Prognostic significance of TERT promoter mutations and amplification in HCC. (A) Kaplan-Meier survival analysis with respect to TERT promoter mutation status. (B) Amplification of 5q15.33 was associated with shortened overall survival in HCC patients. (C) Significant positive correlation between TERT Gistic score and mRNA expression levels in TERT-amplified samples. (D) HCC patients with TERT amplifications exhibited poorer overall survival. (E) Multivariate Cox regression analysis of HCCs with or without TERT amplification in relation to age, gender, race, HBV status and TNM staging.

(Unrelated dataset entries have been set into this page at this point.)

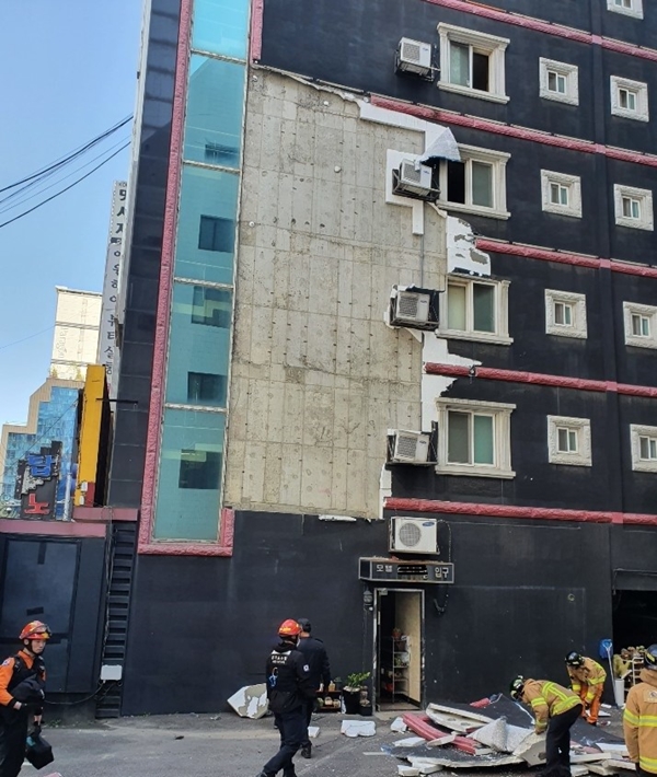 °Ç¹° ¿Üº®ÀÌ ¶â¾îÁö°í, ÆÄÀÌÇÁ°¡ ºÎ¼­Á³À¸¸ç, ¿ÀÈÄ 2½Ã32ºÐ°æ ÆÈ´Þ±¸ Àΰ赿 ¸ðÅÚ 6Ãþ °Ç¹°¿¡¼­ 2~4Ãþ ¿Üº®ÀÇ µå¶óÀ̺ñÆ® ±¸Á¶ º®¸éÀÌ ¹Ù¶÷¿¡ ³¯·Á ´ú··°Å¸®¸ç ¶³¾îÁö·Á´Â »ç°í°¡ ¹ß»ýÇß´Ù. ÀÌ¿¡ ´ë¿øµéÀº ¾ÈÀüÁ¶Ä¡ ÈÄ 30¿© ºÐ µ¿¾È ¿ÜÀåÀ縦 Á¦°ÅÇÏ´Â ÀÛ¾÷À» ¹ú¿´´Ù.
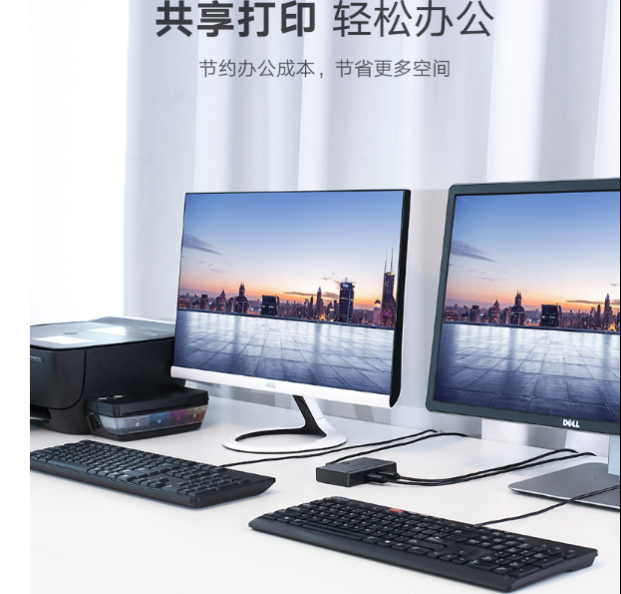 绿联 30345 USB打印机共享器2口4口切换手动一 拖二电脑分配器2进1出
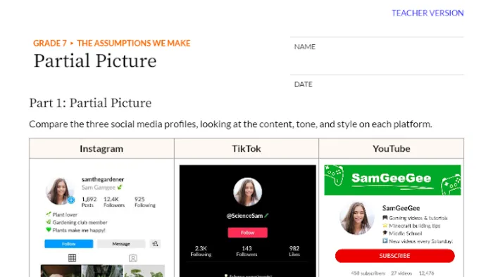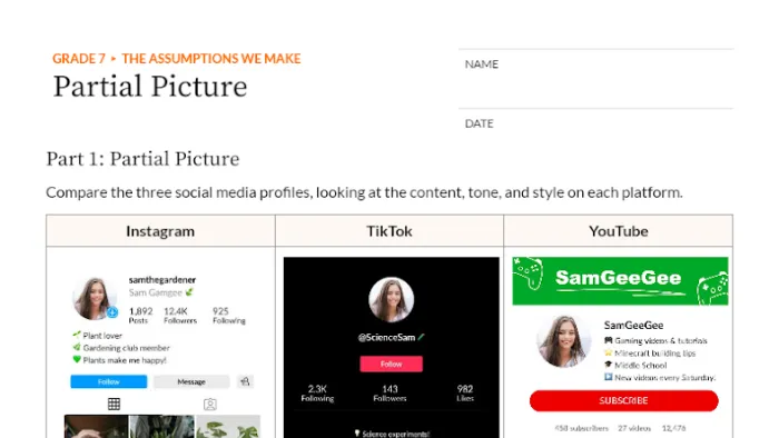 Online, we only see "partial pictures" of others, and they only see parts of us. Help students uncover how self-presentation varies across platforms, and how others form impressions from these curated glimpses. They'll examine assumptions made from limited information and explore the relationship between how we present ourselves and how others perceive our digital presence.
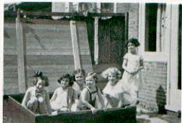 con le sue amiche, nel giorno del suo decimo compleanno. Da sinistra a destra si vedono: Lucie van Dijk, Anna Frank, Suzanne Ledermann, Hanneli Goslar , Juultje Ketellapper, Kitty Egyedi, Mary Bos, Rie (Ietje)Swillens e Marthe van den Berg. Su retro della foto Anna scrisse queste parole per Hanneli Goslar: Festa di compleanno di Anna Frank, 12 - 6 - 1939. |
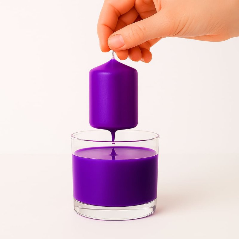 - Se a vela for escura, repita o processo após a secagem para um acabamento uniforme.
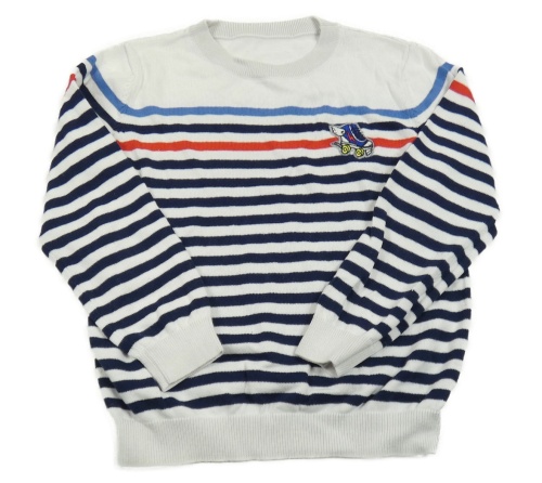 Bílo-tmavomodro-červený svetr s pruhy a nášivkou
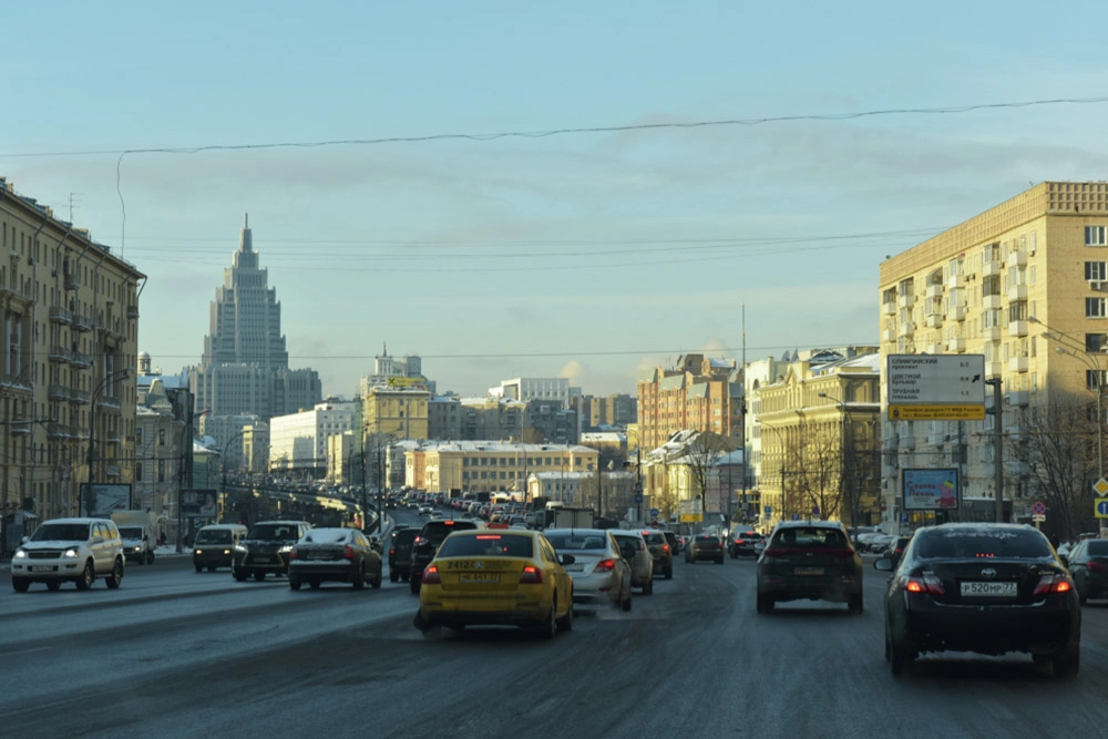 В следующем кадре — Садовая-Сухаревская улица, причем в сторону Самотёчной эстакады.
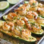 Light and flavorful zucchini boats filled with juicy shrimp cooked in a buttery garlic lemon scampi sauce, topped with parmesan and fresh herbs for a satisfying yet wholesome meal.
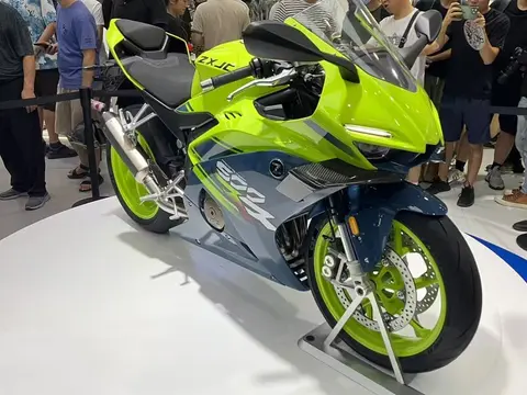 从摩博会现场展车来看,500RR亮点颇多。新车仿赛设计原创度高,前定风翼设计极具战斗激情,,两个前大灯犀利无比。前脸下有硕大的中冷进气格栅,尽显强悍动力。尾灯带有品牌logo个性化设计,车辆尾灯点亮呈“Z”字,与品牌创始人张雪姓氏拼音首位呼应,发动机侧面的“ZXJC”字母标识,让整车充满创始人风格。整车漆水质量上乘,质感很不错。

Theranostics Image (Click on the image to enlarge.)
 Figure 5 

Mutation signatures operative in HCC and their correlation with gene mutations and alcohol consumption. (A) Lego plot of mutation patterns in 1,061 HCC samples. Single-nucleotide substitutions are divided into six categories with 16 surrounding flanking bases. Inset pie chart shows the proportion of 6 categories of mutation patterns. (B) Seven mutational signatures were extracted from HCC. (C) Proportion of 7 mutation signatures in individual HCC samples. (D) Kernel principal component analysis was conducted for mutational signatures with HCC samples from different studies labeled with different colors. (E-G) Significant association of mutation signatures with (E) TERT mutation status, (F) TP53 mutation status and (G) alcohol consumption were identified.

Theranostics Image (Click on the image to enlarge.)


In this study, we performed a systematic analysis of 1,061 HCC genomes, which is the largest number of HCC samples for integrative analysis thus far, and correlated our analysis with clinical features. The main findings that emerged from our study include: (1) Identification of new SMGs and genes enriched with promoter mutations; (2) Association between TERT amplification/promoter mutations and poorer overall survival in HCC; (3) Correlation of HCC mutation signatures with alcohol consumption and mutations of canonical cancer genes; (4) Identification of druggable targets in HCC, including AURKA, whose inhibition was experimentally confirmed to induce apoptosis in HCC cells.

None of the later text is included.